A North Korean-linked hacker group recently breached an engineering company with military ties, U.S. cybersecurity firm Symantec said Wednesday, in Pyongyang’s latest cyberattack aimed at bolstering its weapons development program.
The hackers, known as Stonefly, have been in operation since at least 2009, but in recent years have narrowed their focus “solely to espionage operations against select, high-value targets,” security experts with Symantec said in a blog post.
“Virtually all of the technologies it appears to be interested in have military as well as civilian uses and some could have applications in the development of advanced weaponry,” the post said.

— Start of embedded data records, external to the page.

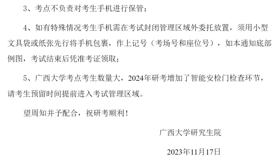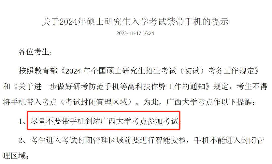 解答:你这个问到我了,大家讨论一下能带钱不…… 别的东西都有疑问,不确定各地区具体要求,但是手机!是绝对不能带的! 这不,去年广西大学研究生院专门发布提示,考场不允许带手机!如果带了考点也不负责保管!大家要注意啊!
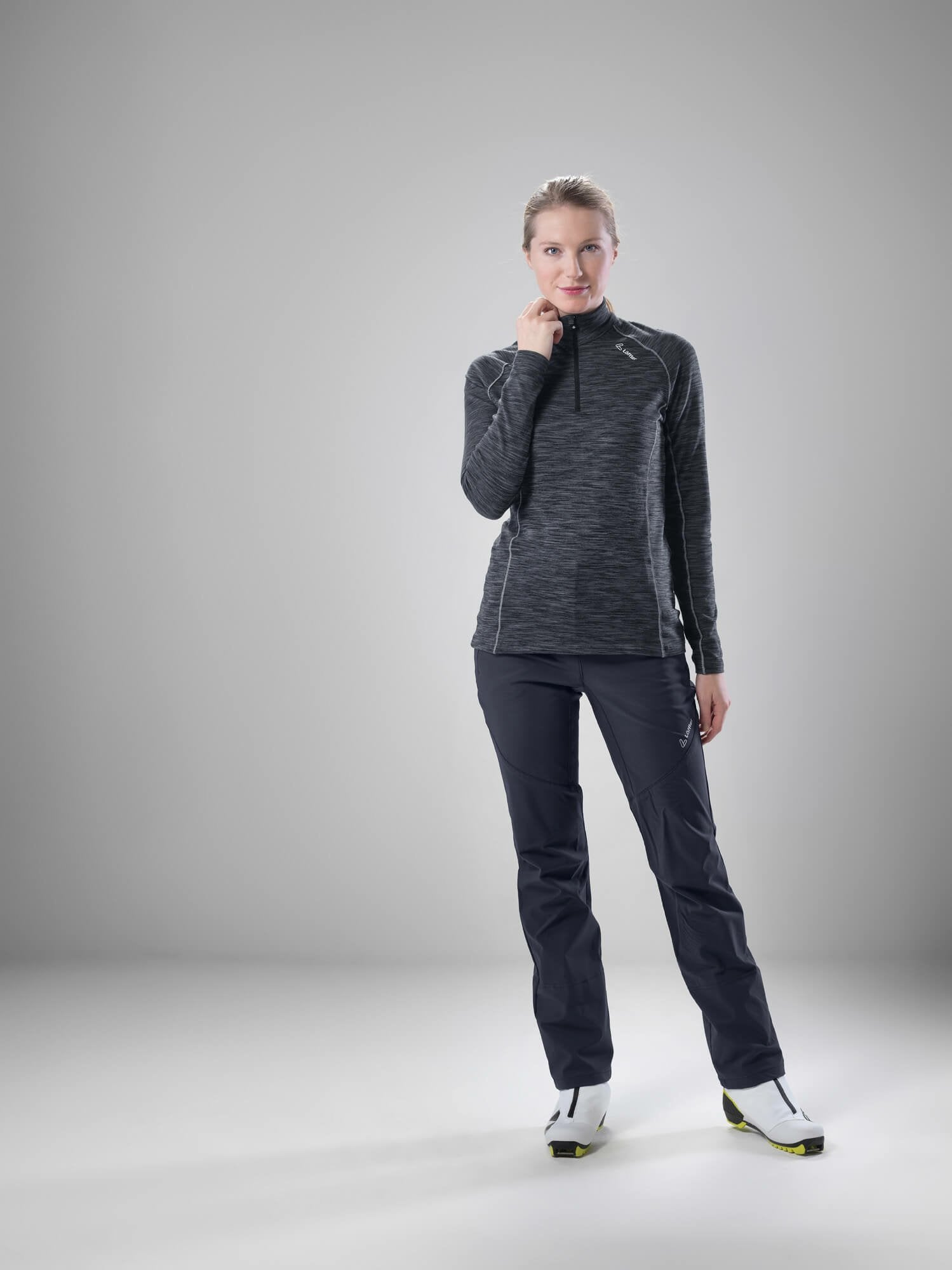 Heat-insulating pants made of 4-way-stretch material and elastic waistband with belt loops. Thanks to the integrated snow guard, the pants are ideal for winter outdoor activities.
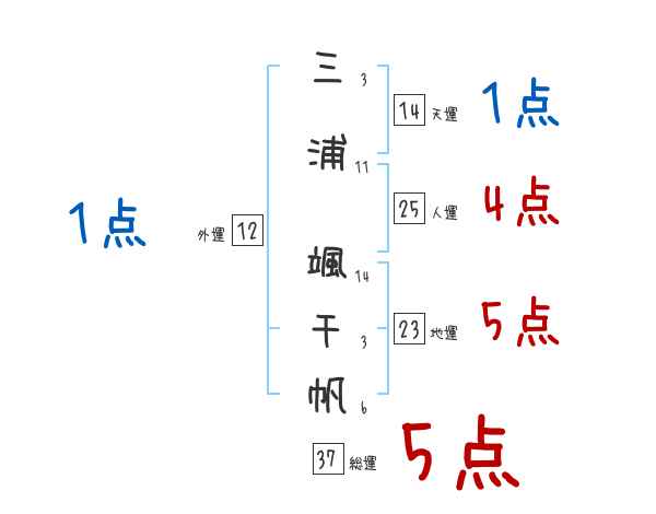 天運![]() | 三浦颯千帆さんの天運は14画の1つ星!人に対して優しいがストレスを溜め込みがち。人間関係のトラブルを避けるよう気をつけましょう。 家系が持つ宿命的な運勢を表します。祖先から受け継いだ苗字ですので自分の力が及びません。家柄を象徴します。 |

Stonefly’s most recent known attack was in February against an engineering firm working in the energy and military sectors. The hackers were able to break into one of the firm’s servers and install backdoor malware that allowed them to secretly steal data over several days.

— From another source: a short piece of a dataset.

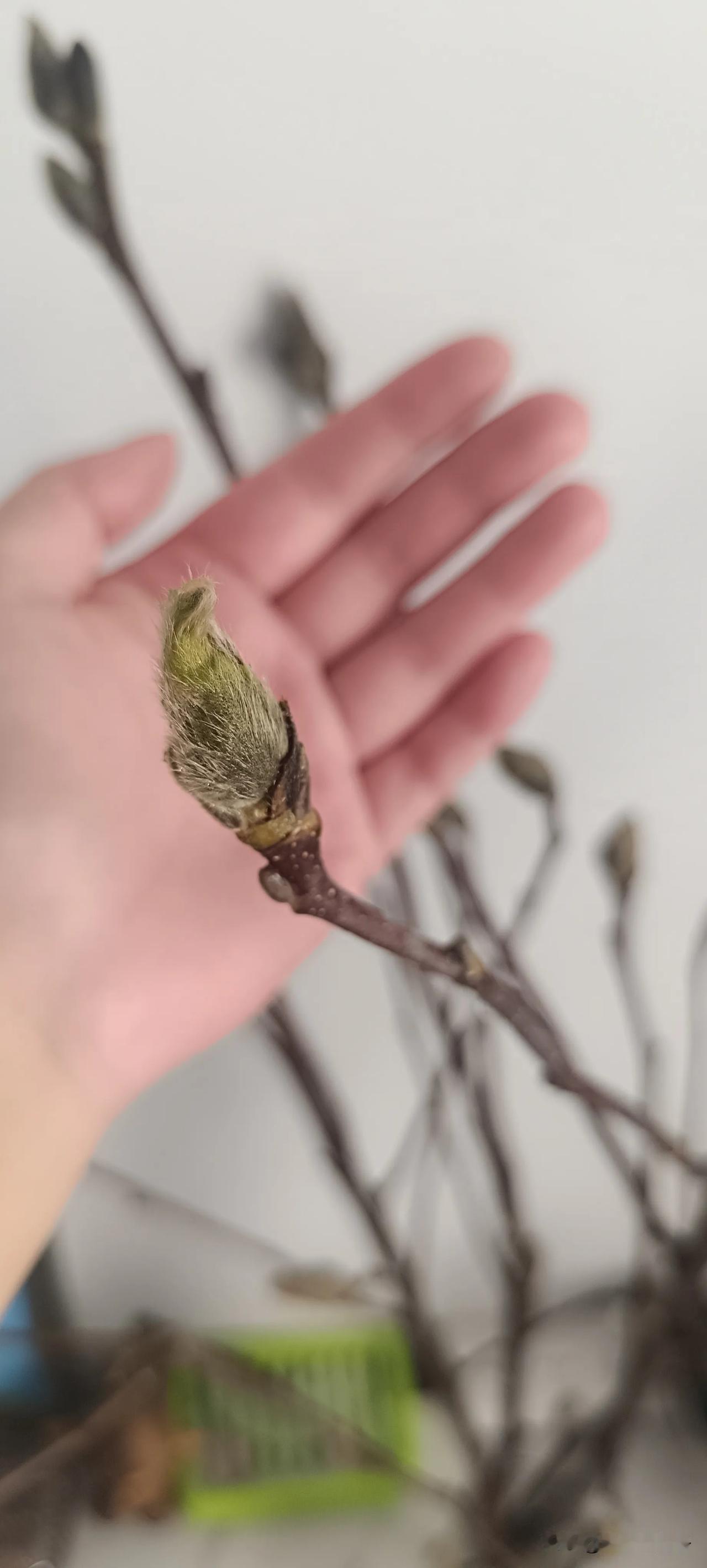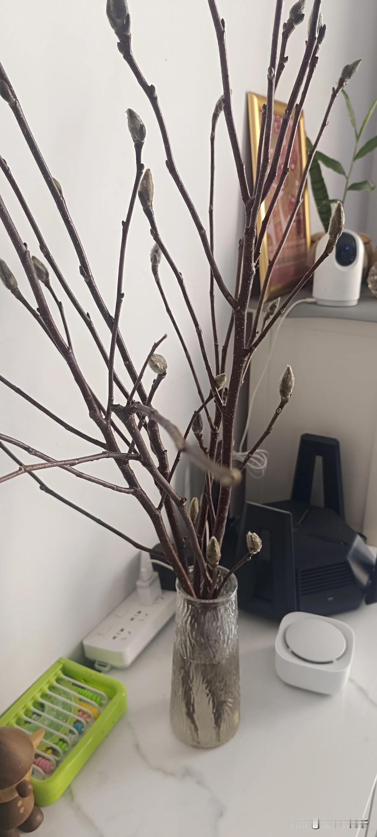 某天刷抖音看到有商家卖鲜切玉兰花的,看着开的很美,心血来潮就下单了,收到货就用水先泡了,修剪一下枝条就插花瓶里,放了些商家送的水培肥料,现在鲜切玉兰花已经养了有一个星期了,花苞看着有变化,显得更鲜活更绿了,再等一段时间应该就会开了吧!期待。玉兰花枝

“The group’s capabilities and its narrow focus on acquiring sensitive information make it one of the most potent North Korean cyber threat actors operating today,” Symantec said.

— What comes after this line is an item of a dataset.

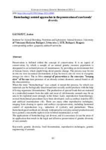 Preservation is defined within the concept of conservation. It is an aspect of conservation, by which a sample of an animal genetic resource population is designated to an isolated process of maintenance, by providing an environment free of human forces, which might bring about genetic change. The process may be run in situ (in vivo) in natural environment; it may be run ex situ (in vivo) or cryogenic storage (in vitro). The in libro concept of preservation is the conscious “keeping alive” of the one-time presence of an already extinct domestic animal breed or all the characteristics.When the term "biotechnology" was coined, it meant the process, by which raw materials can be biologically transformed into socially useful products with the help of living organisms (fermentation). The production of special foods that are matured in a controlled manner from the milk and meat of old domestic animals may be an area to be exploited more strongly in the future. Later, reproductive biotechnology, several biotechnical procedures have been developed, such as embryo transfer (ET) and artificial insemination (AI). There are many other reproductive techniques, ranging from cloning to sperm and embryo cryopreservation, including hormonal control of reproduction (e.g., induction of cyclicity and parturition). These biotechnological methods are already widespread in everyday animal production and have gained a reasonable right to exist in breed maintenance as well.The applications of biotechnology are diverse, and it is necessary to use the areas of its application that result in the legal and effective preservation of genetic diversity of rare animals.
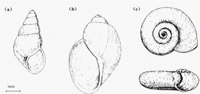 (a):钉螺;(b):水泡螺;(c):双脐螺

The warning comes on the heels of a $620 million cryptocurrency heist, the largest in history, by North Korea’s Lazarus Group.
A trio of U.S. agencies warned last week that North Korea was stepping up cyberattacks on cryptocurrency and blockchain platforms as the secretive regime looks for ways to evade international sanctions.
Despite an economy that has grown even more isolated by the COVID-19 pandemic, North Korea is prioritizing its weapons program. Pyongyang has unleashed a flurry of missile launches since the beginning of the year and officials in Washington and Seoul have warned that a nuclear test may be on the horizon.